Reviewed by Leon James, University of Hawaii, Studies in Second Language Acquisition, 2000

This easy to read paperback is the result of the author's desire to learn more about how students think and feel about themselves as learners in a "large urban college" pre-freshman ESL composition class. It is intended for teachers, scholars, and graduate students who are interested in how students learn to write and what are their accompanying thought processes and emotions. The main body of the book--Chapters 4 to 7--presents "case studies of the journal writing experiences of five students" chosen to represent the variety of cultural background and personal involvement with the free writing process in journal keeping. The students came from Colombia, Ethiopia, the Dominican Republic, People's Republic of China, and Japan.

Chapter 2 is a review of the literature on journal writing and the cognitive-linguistic theory of inner speech (Vygotsky) in relation to reflective thinking and expressive language (James Britton). Says Mylnarczyk: "Asking students to keep a journal is a natural way for teachers to encourage the human pattern-forming propensity" (p.21). While attempting to respond to the weekly student journal writing entries, the author discovered that she sometimes had a difficult time writing meaningful responses.

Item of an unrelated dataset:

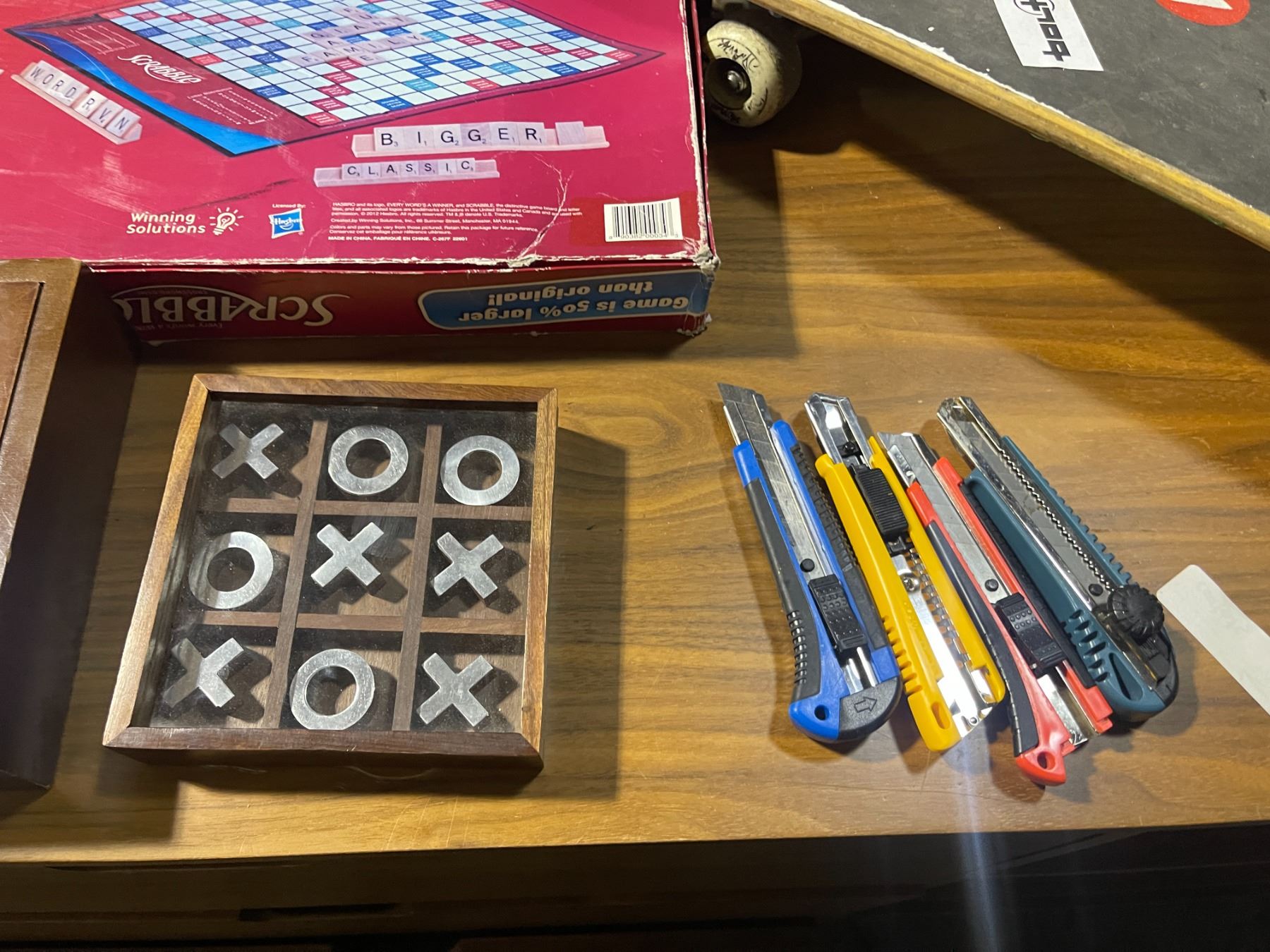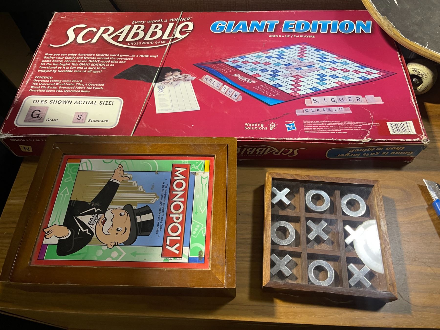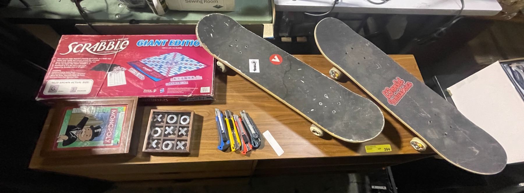 Game and Skateboards Lot: Scrabble, Monopoly, Tic-Tac-Toe

It was easy to respond, and more satisfying, when the log entry had a personal focus, rather than an "impersonal, objective" style and content that avoided personalizing. She was able to respond with genuine involvement when the students' reflective writing included "personal comparisons, identification or empathy with characters or ideas in the reading, open expression of emotion, and dialogue with self or teacher" (p.26).

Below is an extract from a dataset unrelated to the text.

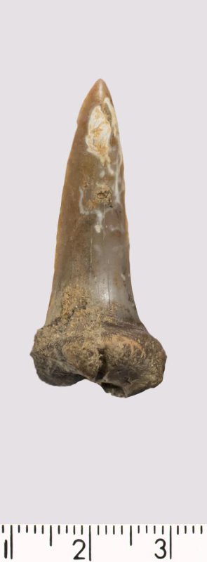 Зуб (фрагмент). Акула. Scapanorhynchus gigas Woodward 1889. Классификация: Хордовые Chordata, Позвоночные Vertebrata, Хрящевые рыбы Chondrichthyes, Пластиножаберные Elasmobranchii
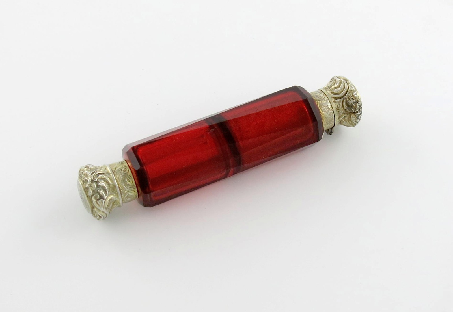 faceted red glass body, the mounts with foliate scroll decoration, initialled, length 12.5cm.

The puzzle fell into place when she came across the book Women's Ways of Knowing (Belenky, Clinchy, Goldberger, & Tarule, Basic Books, 1986). Their concept of "connected knowing" is contrasted with "separate knowing": the first is for sharing subjective experiences while the second is for public and adversarial transactions. The author notes that others, like M. Polanyi and J. Mayher, have discussed this fundamental distinction between the intellectualizing approach that remains distant vs. the personalizing style that tries to connect. The objective register gives the impression that it is disconnected from feeling, but this is not an authentic reality, for in fact a cognitive process cannot occur without the affective motive behind it--"every idea has a feeling component" (Mayher).

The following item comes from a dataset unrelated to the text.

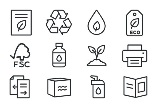 Eco Printing Icons. Outline icon set of print-on-demand eco solutions: printing press, recycled paper, soy ink
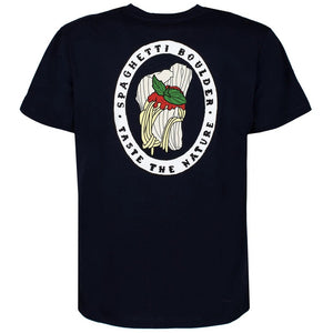 Con Spaghetti Boulder, in cui si legge un omaggio sia all’Italia sia all’outdoor, si crea un parallelismo moderno e concettuale con “Spaghetti Western”, espressione nata negli Stati Uniti d’America, che indica i lungometraggi girati in italiano, oggi veri e propri cult, associato al boulder contemporaneo.

Students were instructed that the purpose of the journal was "to talk about yourself as a reader, talk about yourself as a writer, what your experiences have been, how you're reacting to the book that we're reading, your feelings about the things you write for this class" (p.41). The author analyzed the students' journal entries looking for signs of connected knowing. She discusses these categories: Reference to the Self ("Chapter nine brought me old memories of my early years? This was how my father and I started."), Open Expressions of Emotion, Recognition of Temporal Flux and Change ("What could make me change my life and force me to do something unexpected?"), Internal Dialogue, Empathy and Identification ("It felt good when I earned my respect, now, I can't wait to finish this book and read that Nicholas earned his?"), and Knowledge Derived From Personal Experience ("?you mould yourself according to yourself.").

The teacher's experience of relating to Journal entries and the students' experience of writing them for the teacher, generates social bonding forces in the classroom. The process brings growth to the teacher as much as to students. Mylnarczyk shares her changed perspective by discussing the assumptions she brought to the class that turned out to be questionable or false. One was that personal writing comes more naturally to women than to men--False. Another was that native culture is the most important determinant of how second-language students respond to different types of writing--False. But this one: Journal Writing encourages students to engage in connected knowing--True. As one student wrote in her last entry: "When I first started this class I just used to do what the teacher assigned me to do. But now I woke up a desire in reading and writing about what matters are important to me and what is happening in our society nowadays."

Not a bad result, for a second-language class!